Another promising wrestler who blew it

June 24, 2006|By GREGORY KANE

Another one!

That's the first thing that went through my mind when I learned what happened to Martius Harding: another guy from the Baltimore area who showed such promise on the wrestling mats in high school who blew it by either running afoul of the law or getting booted out of school. Or both.

Harding made news on The Sun's pages twice within the past week.

Last Saturday readers learned Harding, a special-education teacher at Govans Elementary School, remained on the school system's payroll even after he had pleaded guilty in federal court to conspiracy to distribute cocaine and possession with intent to distribute cocaine.

On Tuesday came the story that Harding had a criminal conviction even before he started teaching.

While attending West Virginia University, Harding was involved in an Internet credit card scam. He pleaded guilty to that charge and was kicked off the school's wrestling team.

Harding was sentenced to seven years for his drug conviction in federal court. He now joins the dubious ranks of other wrestlers who were high school standouts in their sport who veered off the straight and narrow.

During the 1978-1979 school Season, 16-year-old James Featherstone had a string of pins wrestling for Dunbar.

Then one night, Alan Paul Trimakis, a Johns Hopkins University medical student, was shot and killed on an East Baltimore street.

Featherstone was convicted of killing Trimakis and sentenced to life in prison. (Pamela Featherstone, the wife of James Featherstone's late brother, Jerome, swears her brother-in-law is innocent and was guilty of only being with the wrong element at the wrong time.)

Darian Kess was ranked as high as No. 3 in the country when he wrestled for Archbishop Curley High School from 1998 to 2000.

He won two Maryland Interscholastic Athletic Association wrestling titles, two state private school championships and twice came in second at the national prep school championships.

During his sophomore year, Kess came in second at the toughest high school tournament in the country - called, appropriately, the "Beast of the East" - and beat seven wrestlers who were nationally ranked.

A local wrestling insider told me Kess was a shoo-in for a scholarship at wrestling power Iowa State University.

Instead, Kess got booted out of Curley for undisclosed reasons in 2000. He transferred to Overlea High School and got booted out of there, too.

Damon Matthews won two Maryland Scholastic Association championships while wrestling at Dunbar and was runner-up once.

In 1993, he coached Harding and other Poets grapplers to an eighth-place finish at the 2A/1A state tournament, the highest a city public school has ever finished.

Matthews was named coach of the year.

Four years later, Matthews was sentenced to 12 years in prison for stabbing his estranged wife. Matthews now goes by the name of Damon Matthews-Bey and has since been released. I've met him, and he says he's a changed man.

I believe him.

But I still get a sense of "Oh, what could have been!" if he hadn't lost it that day back in 1996 when he attacked his wife.

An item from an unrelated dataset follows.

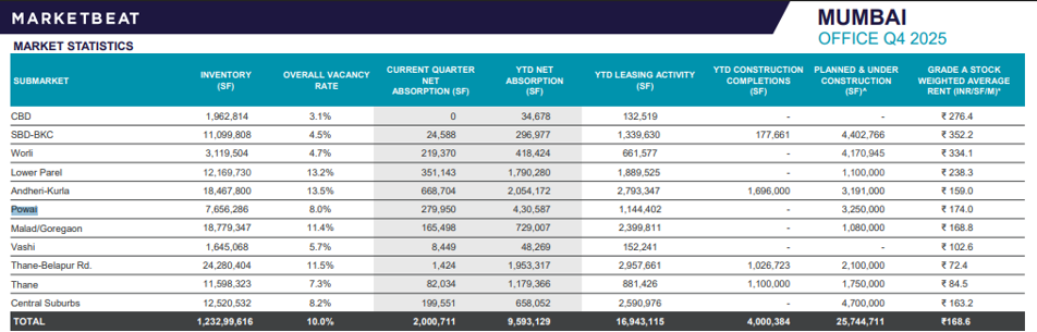 Grade A weighted average rents average ₹174 per sq ft per month, positioning Powai as a competitive mid-rent micro-market with good infrastructure, campus-style developments, and improving connectivity.
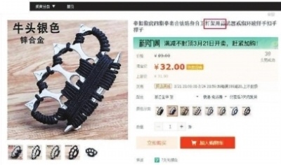 這種“帶釘?shù)慕渲浮保瑢I(yè)術(shù)語(yǔ)叫做“指虎”,是格斗人士常用的一種武器,往往由金屬制成,有的帶釘有的不帶釘。無(wú)論是哪種,戴在手上之后都可以增加拳擊的殺傷力。記者搜索發(fā)現(xiàn),這樣的兇器,居然在網(wǎng)上可以被當(dāng)做“防身用品”隨便買(mǎi)到。

Now I'm getting that same sense as I think about Harding, who didn't even start wrestling until he arrived at Dunbar as a freshman.

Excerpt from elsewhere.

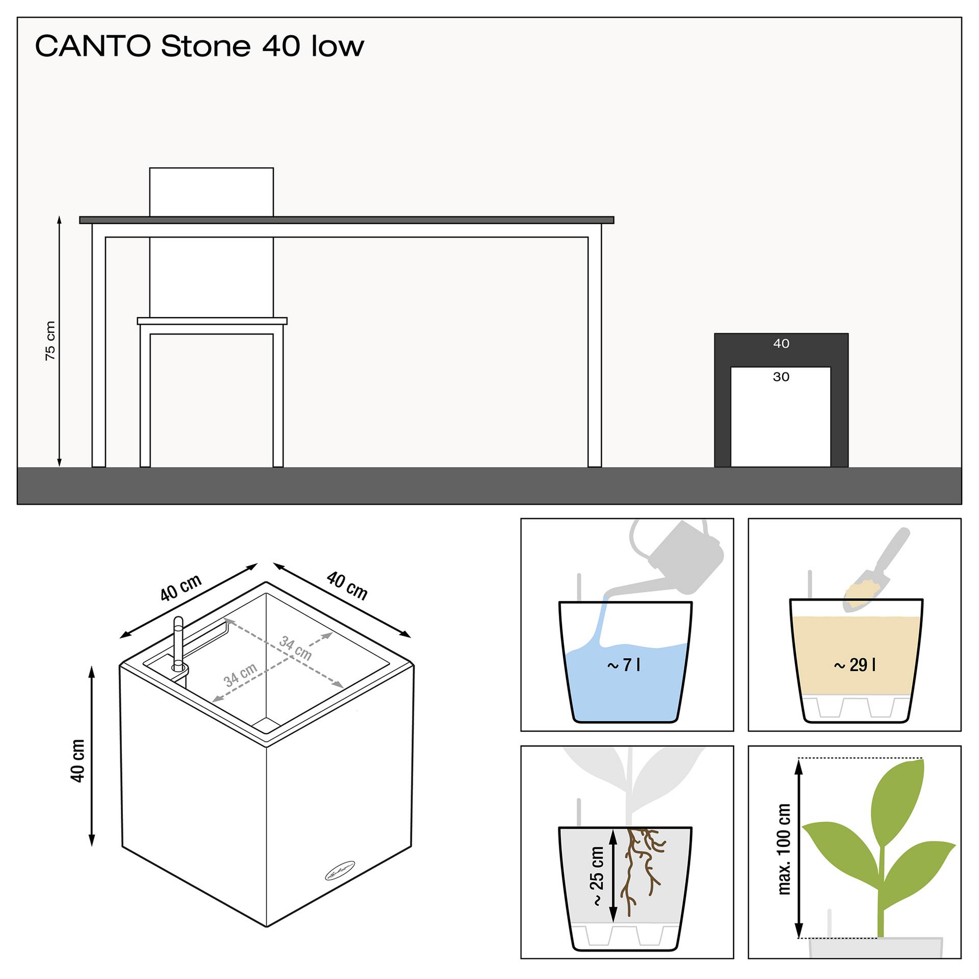 Iedereen die duidelijke lijnen waardeert, zal dol zijn op CANTO Stone. De ruwe natuursteenlook in drie kleuren vormt een prachtig contrast met de weelderige groene en kleurrijke bloemen. Dankzij dezelfde afmetingen kan de CANTO binnenbak eenvoudig worden verwisseld tussen de twee modellen, kubus en zuil. CANTO Stone is de winnaar van de Red Dot Award 2017, weerspiegelt kernelementen van de hedendaagse architectuur en zet planten op aantrekkelijke wijze in de kijker. Fijne vroege bloeiers, weelderige zomerbloemen, herfstarrangementen of winterbeplantingen - de plantenbakken met natuursteenlook bieden op elk moment van het jaar een sfeervol contrast met de planten. De bakken, die aanvoelen als ruwe, massieve steen, zijn gemaakt van hoogwaardig, weerbestendig kunststof en daardoor gemakkelijk te verplaatsen. En het LECHUZA-irrigatiesysteem zorgt zoals gewoonlijk voor een optimale watertoevoer naar de planten. Het verzorgen van planten kan niet eenvoudiger!

I remember the first time I saw Harding wrestle. It was the finals of the 1993 MSA tournament, then on its last legs after then-school Superintendent Walter Amprey had done his best to kill what was left of the MSA.

Harding, in only his second year of wrestling, lost a tough 3-1 decision to Danny DeVivo of Mt. Saint Joseph High School, which then ruled the roost of local high school wrestling.

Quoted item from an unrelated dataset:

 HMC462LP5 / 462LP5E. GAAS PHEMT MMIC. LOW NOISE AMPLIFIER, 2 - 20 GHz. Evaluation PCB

Several weeks later, Harding placed second in the 160-pound weight class at the Maryland Public Secondary Schools Athletic Association 2A/1A state tournament.

Those who hoped that Harding would become the first state wrestling champ from a Baltimore public school the next year saw those hopes dashed when Harding transferred to McDonogh School.

Harding said at the time that he wanted to become a doctor and transferred to McDonogh because it had a more rigorous college preparatory curriculum than Dunbar. Who could argue with him?

At McDonogh, Harding placed second in the MIAA tournament his junior year and won it his senior year. He finished third at the national preps in 1994 and second in 1995. From there, it was a scholarship to the University of Virginia.

Harding was cruising down Success Boulevard when, for reasons perhaps known only to him, he made a sharp turn onto Screw-Up Alley.

Kess made that same turn, though with less drastic consequences. I hate to drag race into this discussion, but this was a case of two young black men who had opportunities based on their athletic skills that many other young black men don't get.

It just rankles me to see how egregiously they both blew it.